> _Assignment_
The line holding "海山步履挖機(jī)與武警裝載機(jī)聯(lián)合清掃市場淤泥雜物" is the last one to output; start at the first line of the data, keep every line in between exactly, and leave out pictures.

> _Stored data_
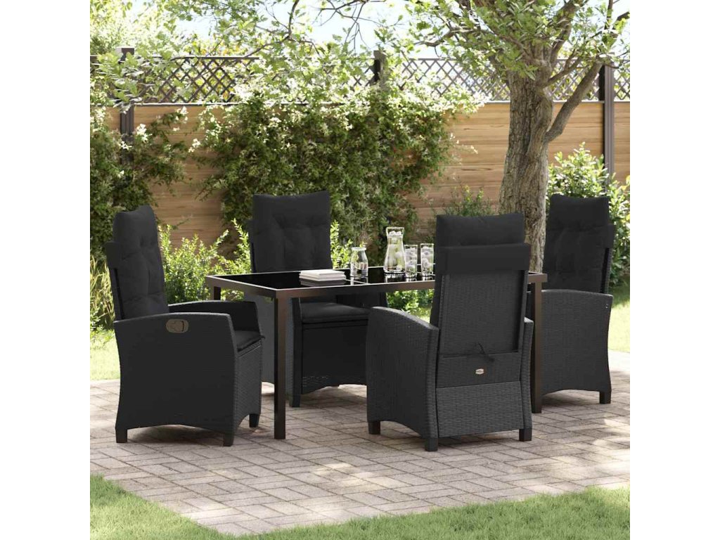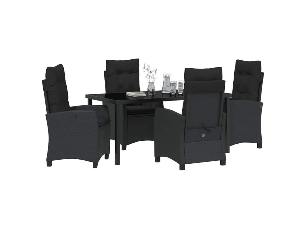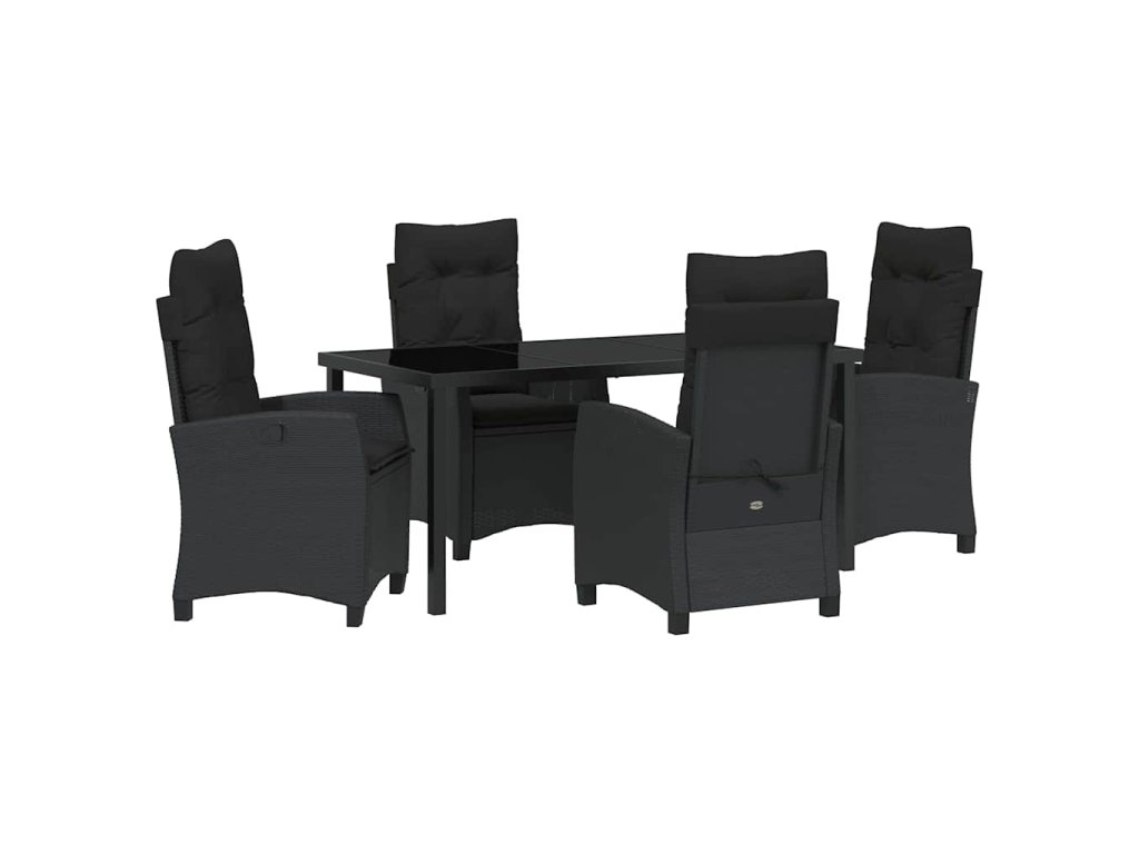 Zahradní jídelní souprava s polštářem 5 pcs Černá polyratan 3380375
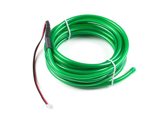 This particular wire glows with a green hue and is 3m (almost 10 feet) in length, approximately 5mm in diameter and is terminated with a simple JST-PH connector. This connector works directly with our SparkFun Original EL driver boards, the EL Escudo and the EL Sequencer.
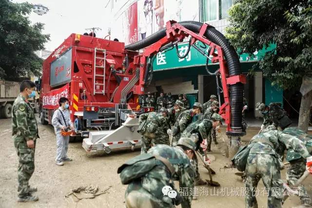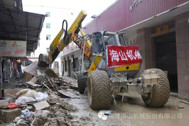 海山步履挖機(jī)與武警裝載機(jī)聯(lián)合清掃市場淤泥雜物
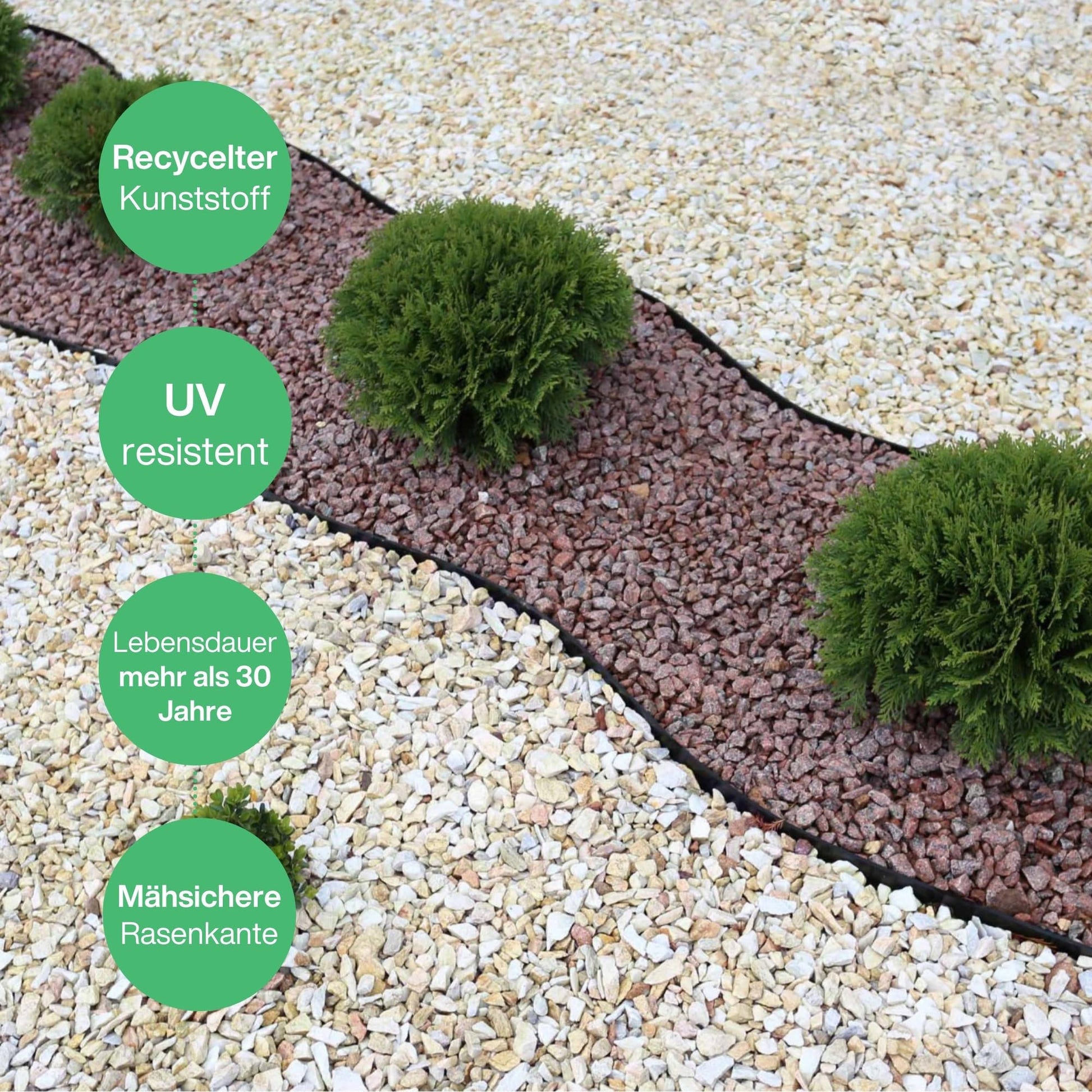 - Extrem widerstandsfähig: Die Einfassung ist UV-resistent, wasserfest und unempfindlich gegenüber Frost, Sonneneinstrahlung sowie mechanischer Belastung durch Rasentrimmer oder Rasenmäher.

> _Reply_
 Zahradní jídelní souprava s polštářem 5 pcs Černá polyratan 3380375
 This particular wire glows with a green hue and is 3m (almost 10 feet) in length, approximately 5mm in diameter and is terminated with a simple JST-PH connector. This connector works directly with our SparkFun Original EL driver boards, the EL Escudo and the EL Sequencer.
 海山步履挖機(jī)與武警裝載機(jī)聯(lián)合清掃市場淤泥雜物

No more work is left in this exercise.